Going from the line that contains "Amikor odalépsz a" through the last line of the records, set down each line again exactly, both included, with pictures left out.

- - -

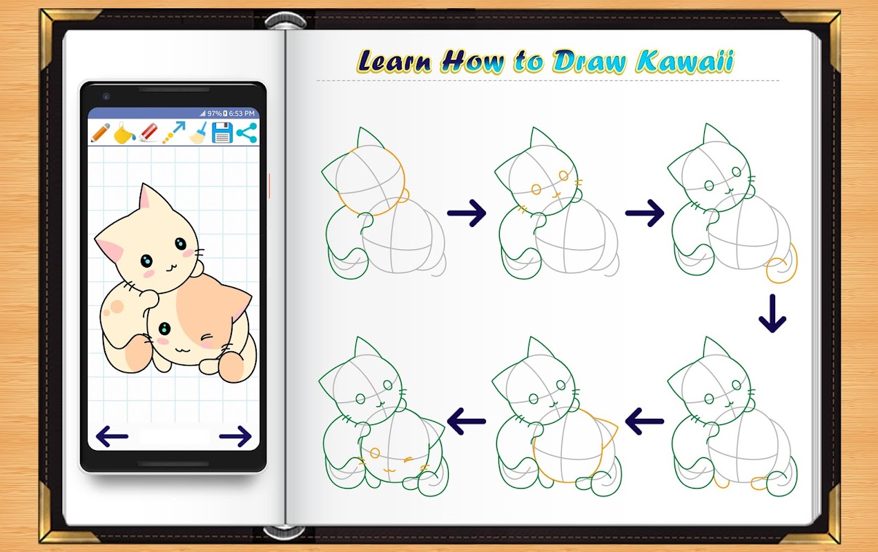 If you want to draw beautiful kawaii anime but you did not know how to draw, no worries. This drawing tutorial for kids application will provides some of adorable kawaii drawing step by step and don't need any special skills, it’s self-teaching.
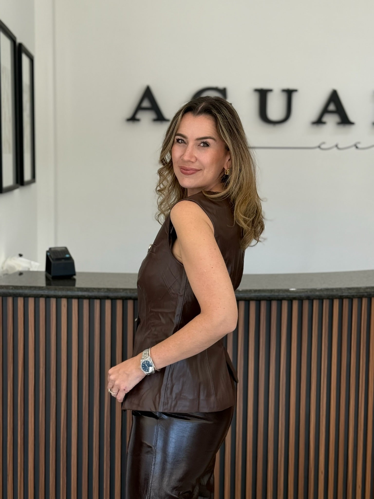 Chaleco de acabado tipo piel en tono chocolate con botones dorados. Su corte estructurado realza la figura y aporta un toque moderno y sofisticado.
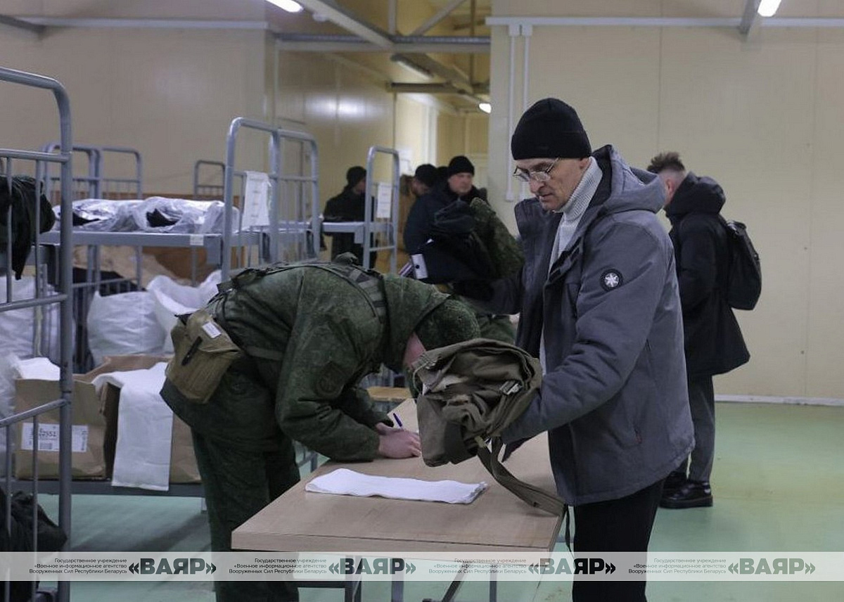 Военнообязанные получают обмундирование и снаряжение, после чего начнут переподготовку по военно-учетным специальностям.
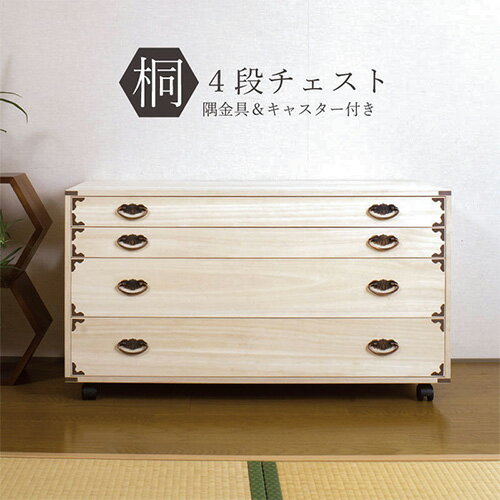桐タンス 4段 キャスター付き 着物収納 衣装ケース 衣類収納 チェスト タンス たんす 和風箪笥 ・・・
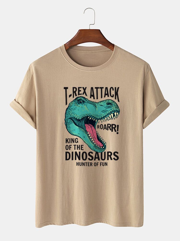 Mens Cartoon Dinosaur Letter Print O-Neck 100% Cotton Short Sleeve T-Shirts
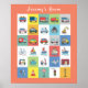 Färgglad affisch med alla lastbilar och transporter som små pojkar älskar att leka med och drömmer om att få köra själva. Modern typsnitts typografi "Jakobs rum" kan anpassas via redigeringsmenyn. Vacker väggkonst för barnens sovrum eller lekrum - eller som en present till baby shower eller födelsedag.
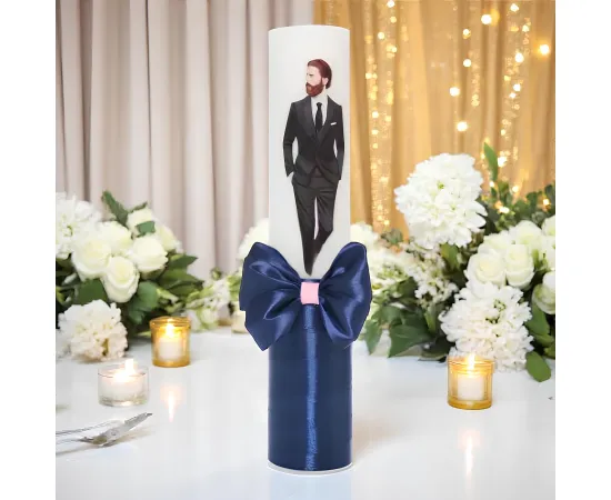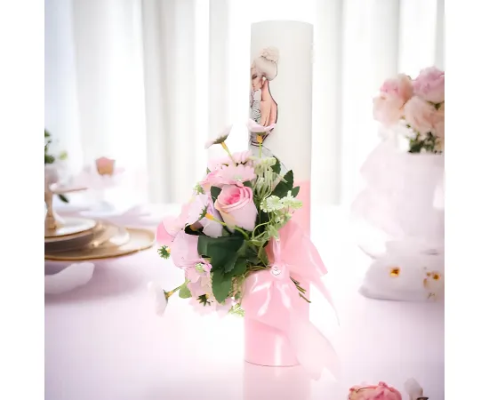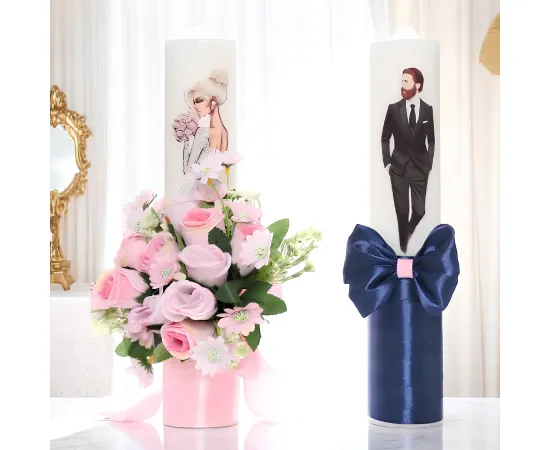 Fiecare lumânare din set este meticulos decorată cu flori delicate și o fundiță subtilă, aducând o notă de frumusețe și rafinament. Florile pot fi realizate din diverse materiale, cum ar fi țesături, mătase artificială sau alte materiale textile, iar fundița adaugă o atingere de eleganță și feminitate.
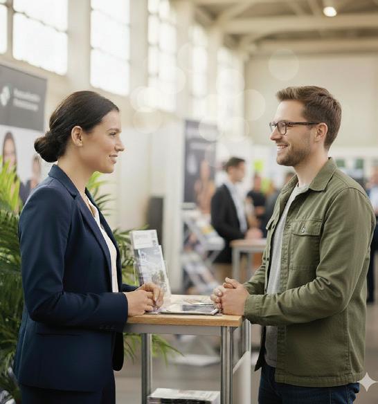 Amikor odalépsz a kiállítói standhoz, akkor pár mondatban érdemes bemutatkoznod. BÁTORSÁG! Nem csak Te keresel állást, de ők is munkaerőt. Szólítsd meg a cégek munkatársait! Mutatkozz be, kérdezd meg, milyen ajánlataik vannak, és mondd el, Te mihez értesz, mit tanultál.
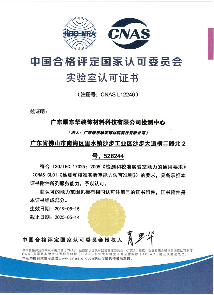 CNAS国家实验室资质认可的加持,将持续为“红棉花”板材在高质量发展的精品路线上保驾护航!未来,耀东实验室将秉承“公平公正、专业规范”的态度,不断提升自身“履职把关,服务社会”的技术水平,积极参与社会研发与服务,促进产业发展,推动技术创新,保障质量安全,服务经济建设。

- - -

ANSWER TO THIS PROBLEM:
 Amikor odalépsz a kiállítói standhoz, akkor pár mondatban érdemes bemutatkoznod. BÁTORSÁG! Nem csak Te keresel állást, de ők is munkaerőt. Szólítsd meg a cégek munkatársait! Mutatkozz be, kérdezd meg, milyen ajánlataik vannak, és mondd el, Te mihez értesz, mit tanultál.
 CNAS国家实验室资质认可的加持,将持续为“红棉花”板材在高质量发展的精品路线上保驾护航!未来,耀东实验室将秉承“公平公正、专业规范”的态度,不断提升自身“履职把关,服务社会”的技术水平,积极参与社会研发与服务,促进产业发展,推动技术创新,保障质量安全,服务经济建设。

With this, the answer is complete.